The "Redefining TMT with AI" report offers valuable insights on the adoption of artificial intelligence (AI) technology in India's Technology, Media, and Telecom (TMT) sector. The report covers an in-depth analysis of the sector, providing statistical data on key emerging trends in AI's adoption across TMT organisations in India. The report also provides insights on challenges faced by organisations in adopting effective AI strategies. The report surveyed senior executives from 123 TMT companies, including CTOs, CIOs, and CDOs, to gather opinions and views on the impact of AI on their businesses. It reveals that 55% of TMT organisations in India have achieved full-scale AI implementation, while 37% are in the gradual scaling phase. AI technology is transforming the TMT sector, enhancing operational efficiency and customer engagement. AI-driven predictive network analysis and automation techniques enhance network operations and quality of service (QoS) of 5G networks. By analysing customer data, personalised experiences are delivered to improve customer experience. AI-driven fraud prevention in telecom is also on the rise, involving the use of machine learning models to detect and prevent fraudulent activities in real-time. The report also highlights key challenges faced in AI implementation in India, including high implementation costs, a lack of skilled workforce, inadequate or inaccurate data, IT security and privacy concerns, and difficulty in demonstrating a clear ROI from AI initiatives.
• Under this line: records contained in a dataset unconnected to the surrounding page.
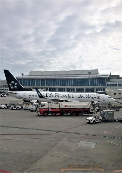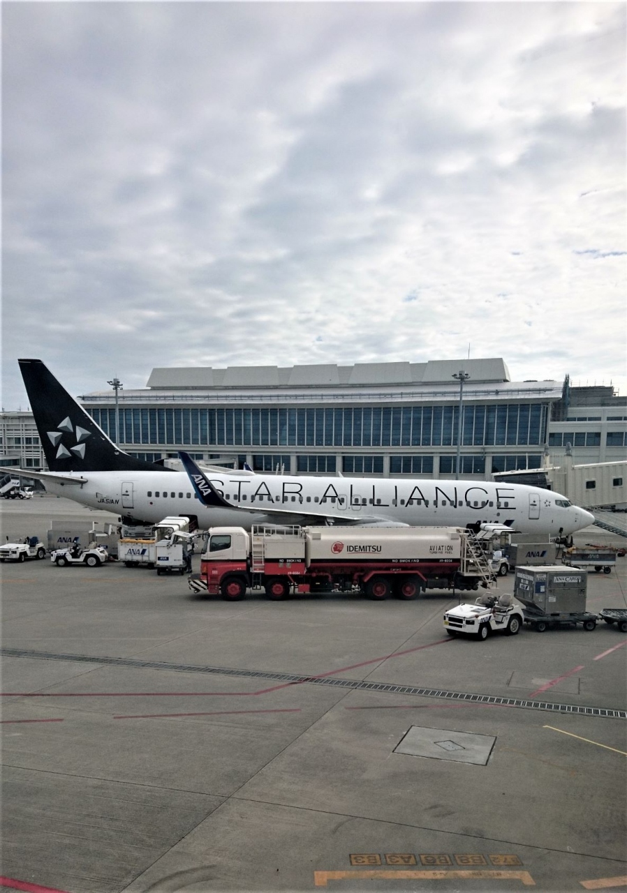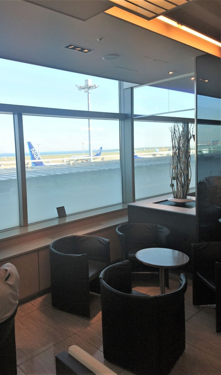 那覇空港のANAラウンジ。このラウンジはプレミアムスタイタス保持者やプレミアムシート利用者向け。泡盛が置いてあるのは沖縄らしい。見晴らしがよく、どこの席も電源コンセントが使えて便利。カラープリントが無料でできる。
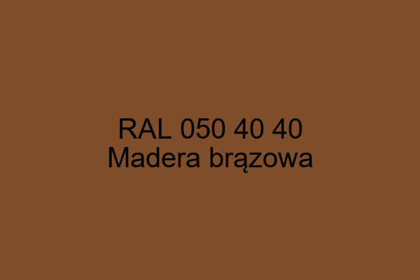 Na przedstawionym obrazie widoczny jest kolor RAL 050 40 40 o nazwie Madera brązowa. Ten wyjątkowy odcień zawiera ciepłe, ziemiste tonacje, co czyni go idealnym wyborem dla projektów wymagających naturalnego wyrazu i elegancji.
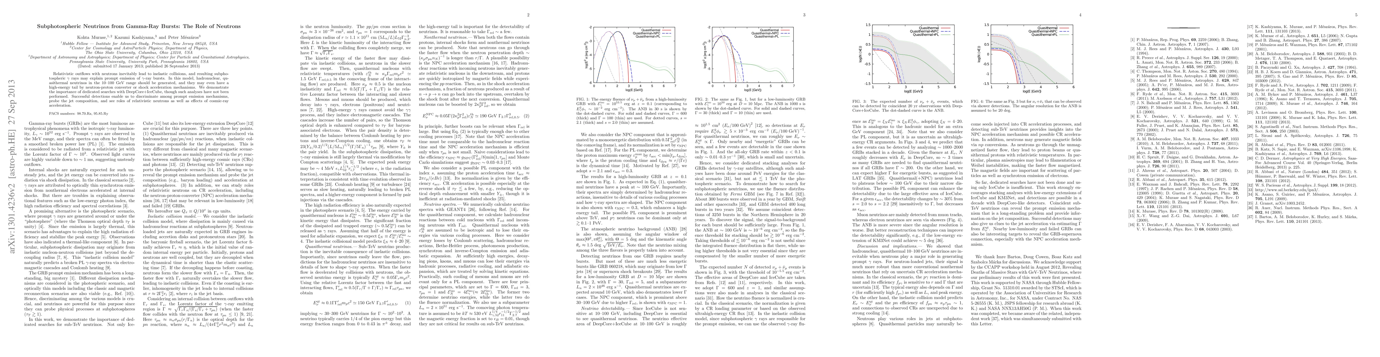 Relativistic outflows with neutrons inevitably lead to inelastic collisions, and resulting subphotospheric gamma rays may explain prompt emission of gamma-ray bursts. In this model, hadronuclear, quasithermal neutrinos in the 10-100 GeV range should be generated, and they may even have a high-energy tail by neutron-proton-converter or shock acceleration mechanisms. We demonstrate the importance of dedicated searches with DeepCore+IceCube, though such analyses have not been performed. Successful detections enable us to discriminate among prompt emission mechanisms, probe the jet composition, and see roles of relativistic neutrons as well as effects of cosmic-ray acceleration.
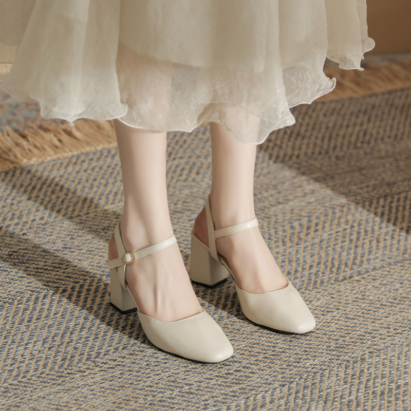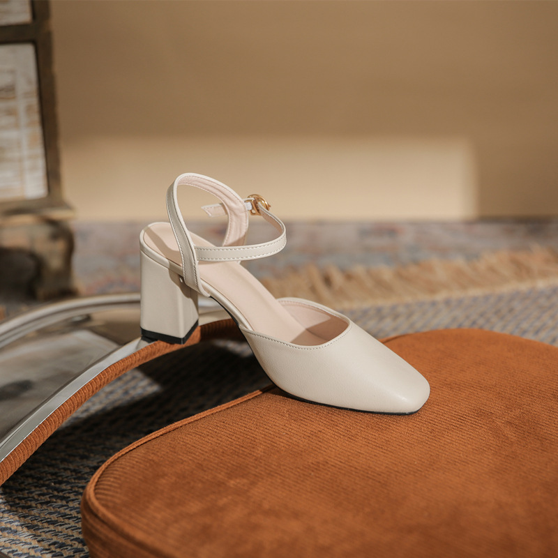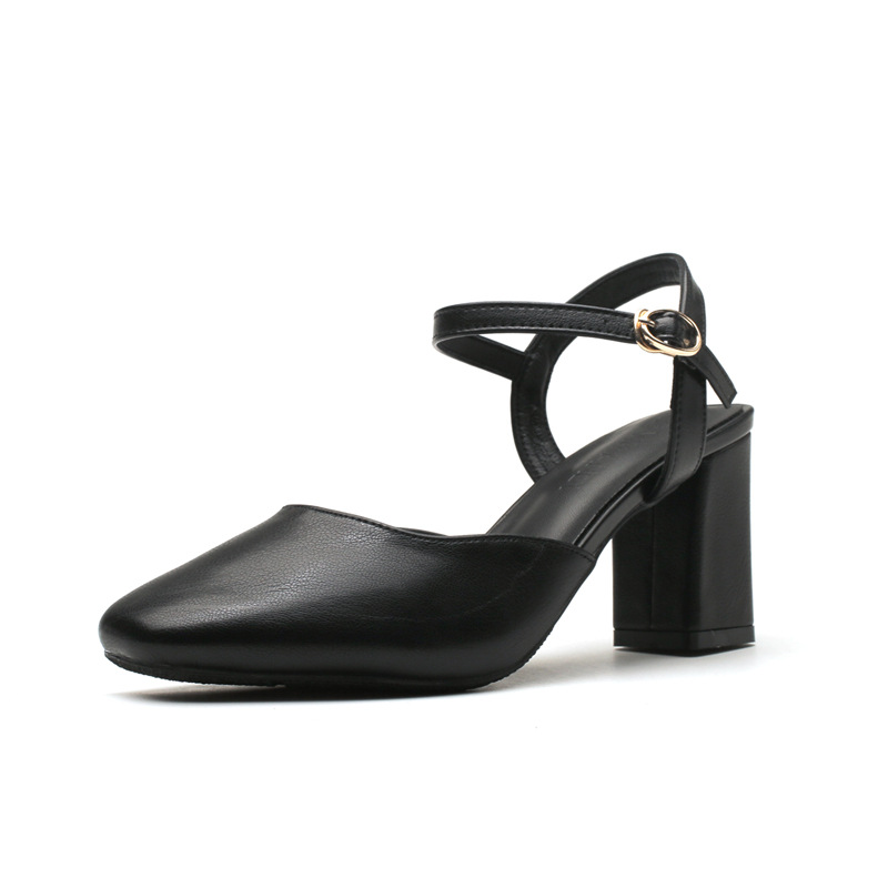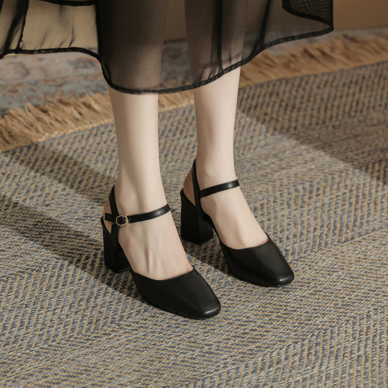 2024新款方头粗跟高跟鞋大码加肥加宽一字扣凉鞋包头后空百搭

The report suggests recommendations to overcome these challenges and promote the growth of AI adoption in the TMT sector in India. It recommends the need to invest in scalable infrastructure with a focus on 5G networks, cloud computing, and edge technologies to support AI solutions by building more robust AI talent pipelines and investing in upskilling and training initiatives for employees and collaboration with universities and research institutions to develop AI curricular. The report also stresses the need to adopt responsible AI practices by ensuring fairness, transparency, and accountability across operations through regularly auditing AI-based models to avoid bias. Finally, encourage AI research and development by providing incentives for AI research, especially in sectors where AI can drive national growth, and encouraging public-private partnerships for collaboration between governments and the private sector to accelerate AI use in critical areas like network infrastructure and public service delivery.
In conclusion, the "Redefining TMT with AI" report sheds light on the adoption and implementation of AI in India's TMT sector offering valuable insights into the sector's changing technological landscape. The report emphasises the significance of AI as a key driver of growth and digital empowerment and offers recommendations for overcoming challenges and promoting the growth of AI in the TMT sector in India. By adopting scalable AI solutions, fostering cross-sector collaboration, improving workforce skills, adopting responsible AI practices, and encouraging public-private partnerships, the TMT industry in India can adapt and thrive in a rapidly changing technological age.